# What features and brand do you recommend in Laptop PC for install FreeBSD desktop



## teo (Jan 30, 2015)

Hi community!

Example of Laptop PC:

Dell Precision M3800, Intel Core i7-4712HQ, 8-12-16 GB of RAM, up to 1TB HDD or SDD drive and all the connectivity you could imagine: HDMI, USB 2.0/3.0, Thunderbolt 2.0/mini DisplayPort, Display multitouch, you choose between Full HD (1920×1080) or 4K (3840×2160).

K1100M professional INTEL or NVIDIA Quadro graphics card with 2GB of GDDR5 dedicated memory.


----------



## free-and-bsd (Feb 2, 2015)

Does this post mean to say that all this amazing stuff works perfectly under FreeBSD, or is this a question?


----------



## teo (Mar 15, 2015)

free-and-bsd said:


> Does this post mean to say that all this amazing stuff works perfectly under FreeBSD, or is this a question?


Or is this a question.


----------



## ANOKNUSA (Mar 15, 2015)

I'll skip right over the FreeBSD-related concerns and just go straight to recommending _against_ buying this machine, simply because the website bills it as "The world's thinnest and lightest 15" workstation." It's a very slim machine. However, into that small package are crammed an intel i7 CPU and a discreet Nvidia GPU. That's a lot of power, which means a lot of heat. The touchscreen also will likely only work in Windows, and is a UI paradigm that just doesn't belong on a 15" laptop anyway.

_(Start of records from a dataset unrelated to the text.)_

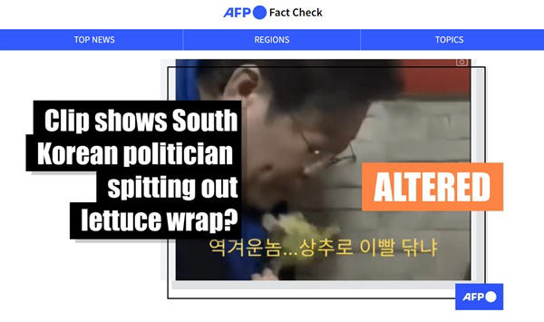 AFP "상추쌈 뱉는 이재명 영상은 '조작', 역방향으로 돌렸다"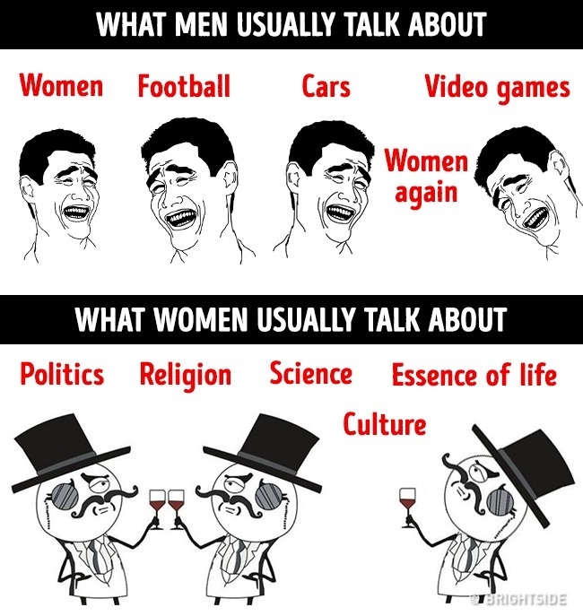 ▼男性的話題:女人、足球、車、還是女人、電動;女性的話題:政治、宗教、科學、文化、生命本質。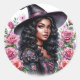 Pegatinas con acuarelas de una bruja de piel marrón vestida con un atuendo de bruja negra y rosa con un gorra de puntito, ¡rodeado de rosas rosas rosas! Una estética de bruja de barbullición femenina con un hermoso chica negro.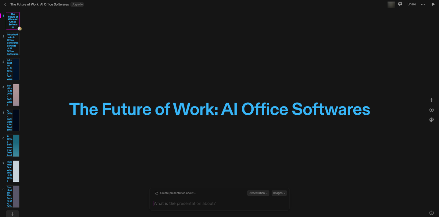 点击tome编辑界面底部的输入框,选择Create presentation about,输入幻灯片的主题,tome就会自动生成一份完整的PPT。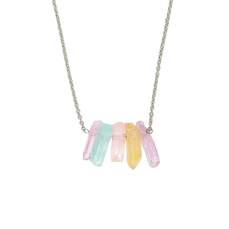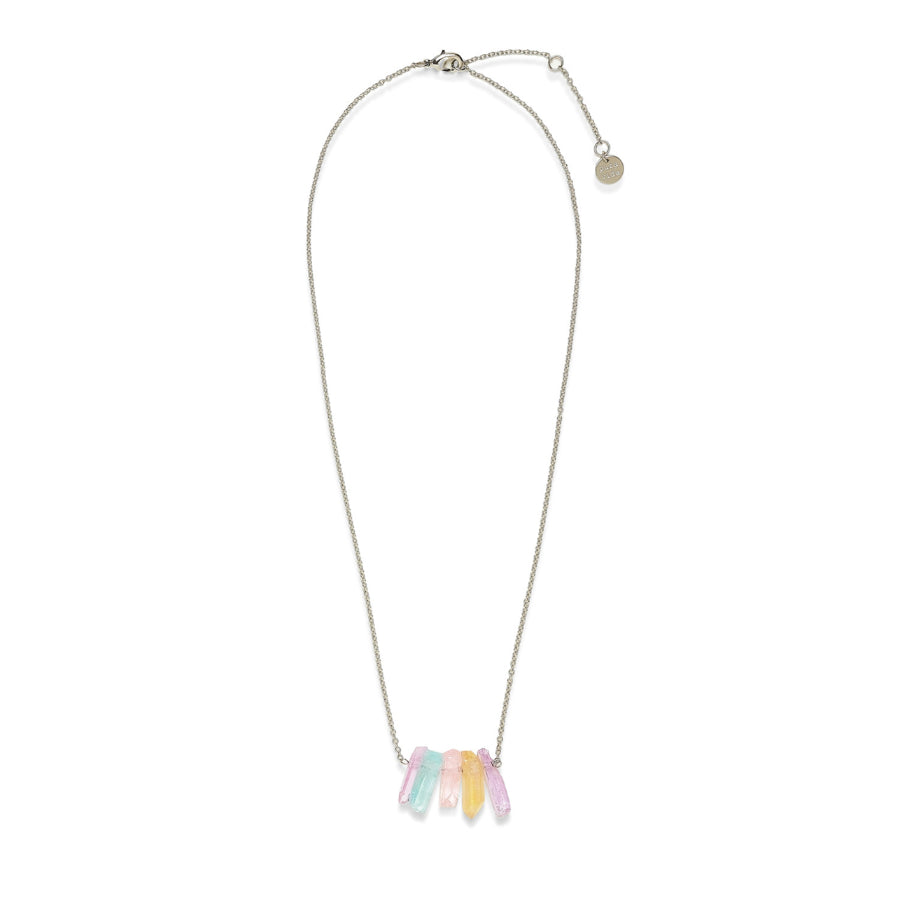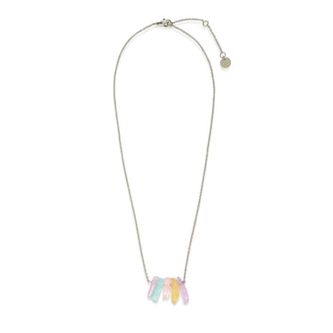 Wanna instantly brighten up any outfit? Then toss on our Rainbow Crystal Necklace! Set on a classic silver chain, this style features five quartz chips in a variety of pastel hues. Pair it with our other gemstone designs to get in on the crystal craze.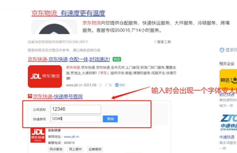 - 快递单号输入内容时,上面的大号字体盒子( con )显示(这里面的字号更大)
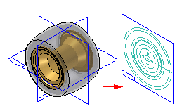 “定向步骤”定义了虚拟部件的原点位置,还定义了发布虚拟部件时,2D 草图形所处的参考平面。您可以指定将图形放置在三个基本参考平面中的一个平面上。
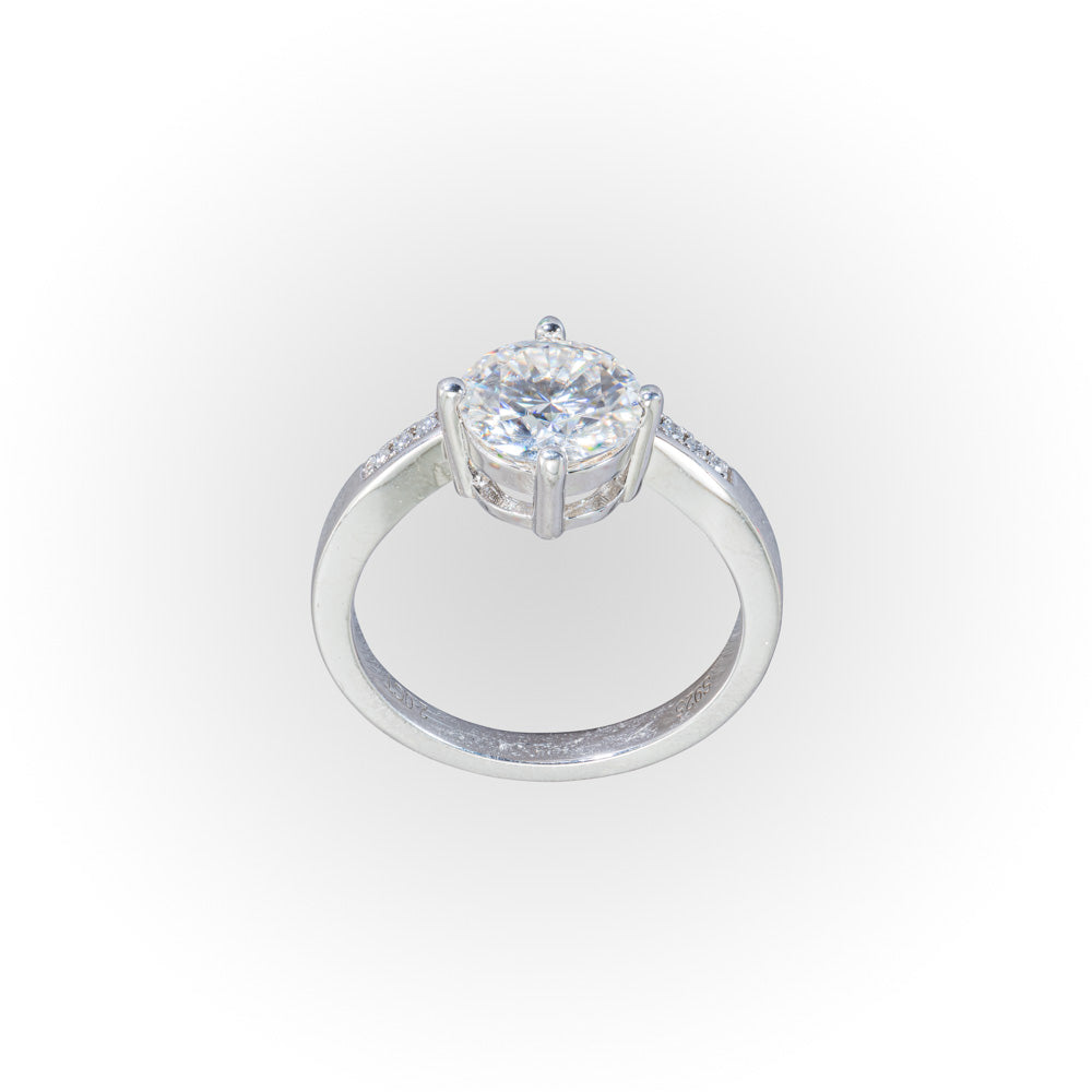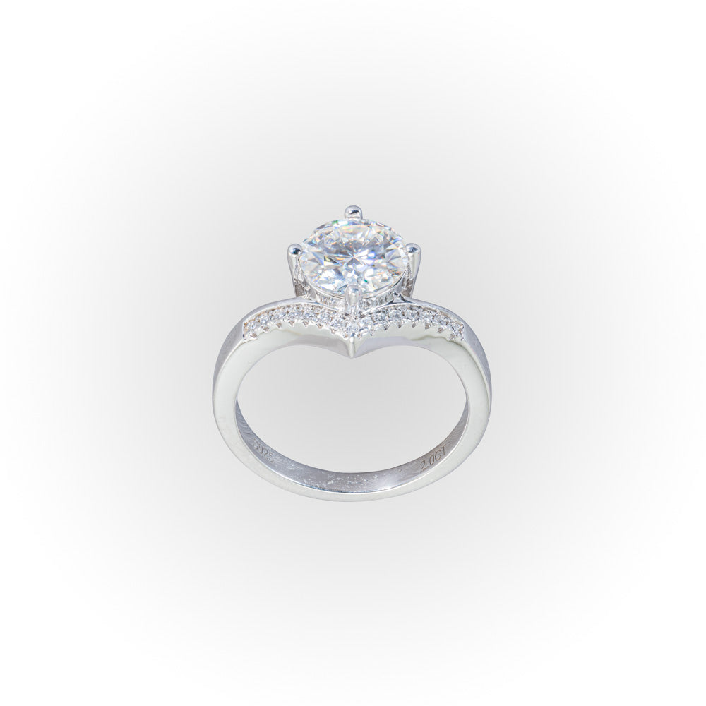 2.00 carat white Moissanite in a Sterling Silver chevron setting with a platinum overlay to negate tarnishing. Pictured in a size 7.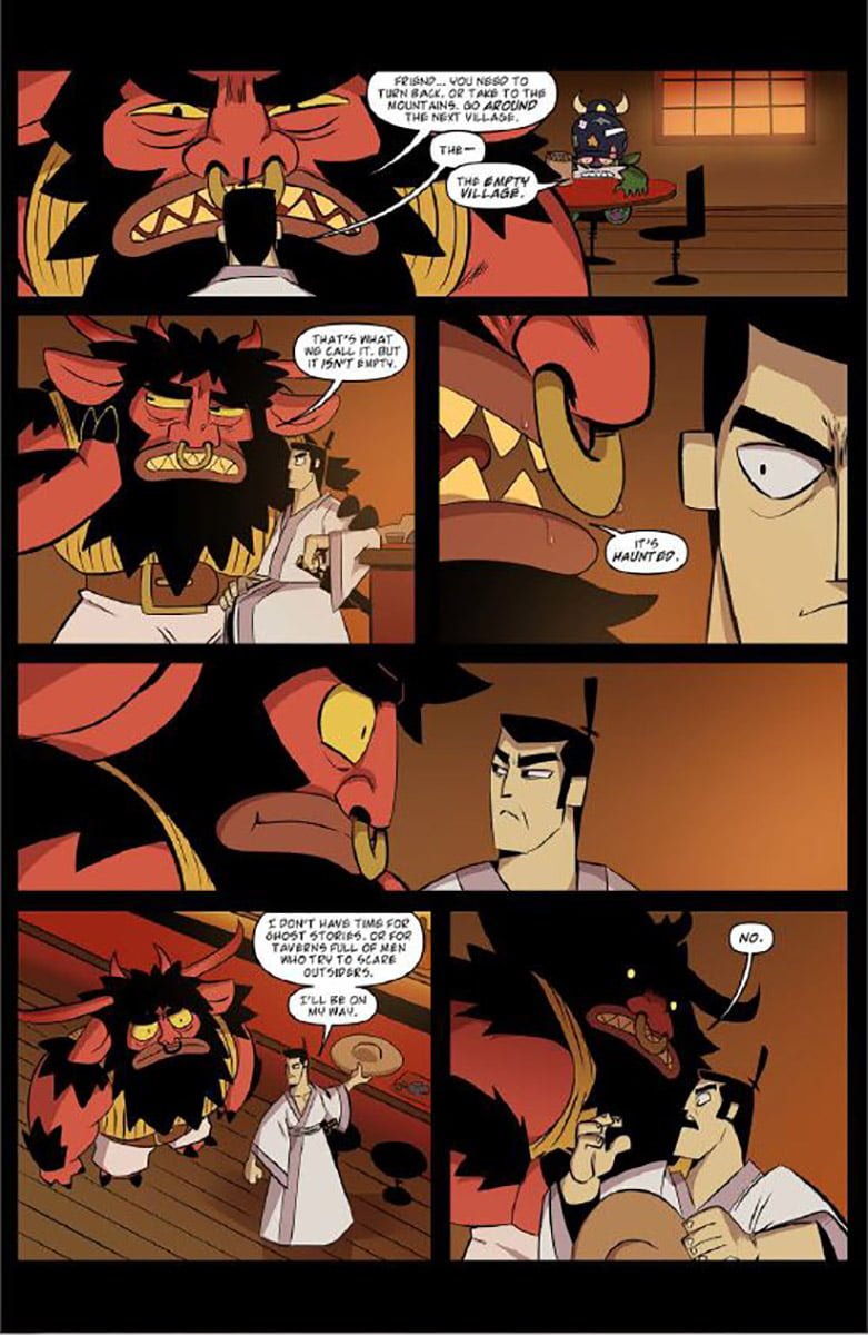Samurai Jack seeks the truth, but not all truth is to be shared. In Samurai Jack Lost Worlds #2, Jack is once more the solo traveler. He stops in a tavern while following the mountain road. Locals notice him and suspect what he has planned. They warn him about the empty village and its terrifying hauntings. Jack continues unafraid and determined to learn the truth of the locals’ warnings. Once he discovers the village, he faces a fierce battle that leaves him with a difficult choice.

The desire to follow the "ultra slim" trend---and jump on the touchscreen bandwagon while they're at it---led Dell to make two very poor design choices. Unless the bottom of that thing is a wide-open grate with a fan attached to it, it's going to be a hot, loud and short-lived investment of $1700 USD. The small size and touchscreen undoubtedly account for much of the high price as well, and at the same time will be the cause of the greatest problems. Not worth it.


----------